See a Random American

Name: See a Random American
Availability: InStock
Author: tintjosh

by tintjosh·Jul 4, 2026·1 point·0 comments

Visit Project View on HN

Post Description

A little project for America's 250th anniversary

This is kind of the worst possible side project, because it sounds very unimpressive but it's actually pretty tricky. You would think, as I did, that because the American populace is one of the most heavily surveyed, most reliably censused people on earth, that generating demographically and statistically accurate random Americans would be fairly easy. For one or two variables, that's true. We have extremely good data on, for instance, the number of men versus the number of women in the country. But combining variables gets much harder because of the way probabilities intersect.

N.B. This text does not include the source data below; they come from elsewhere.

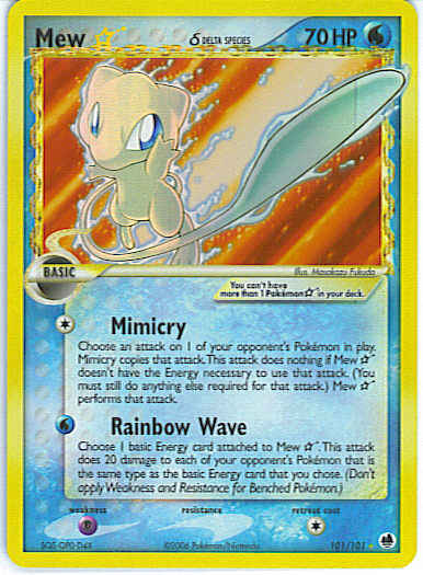 [C] Mimicry - Choose an attack of 1 of your opponent's Pokemon in play. Mimicry copies that attack. This attack does nothing if Mew * doesn't have the Energy necessary to use that attack. (You must still do anything else required for that attack.) Mew * performs that attack.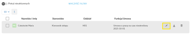 - Określ, czy pole mogą edytować użytkownicy z poziomem uprawnień Administrator np. Kadry, Administratora oddziału np. Kierownicy lub Regionalni.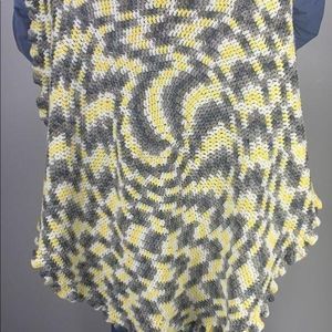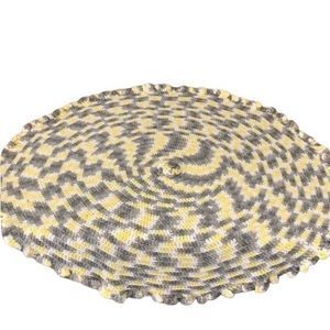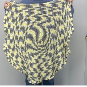 Knitted Crocheted Handmade Grey Yellow and White Round Blanket

For example, ~30% of people are Democrats and ~10% of people are from California, but substantially more than 30% * 10% of people are California Democrats because P(Democrat | Californian) is higher than P(Democrat). So getting in age, gender, state, race, and political affiliation all based on good-quality data without making independence assumptions was a headache. This site also includes U.S. territories, which also made the project more difficult since they have more patchwork data sources. Names and exact geographic locations are also generated, but these use more back-of-the-envelope math and approximations that are not supposed to be 100% demographically accurate--I included them so that the the 'people' generated would have more personality and the whole thing would work better visually.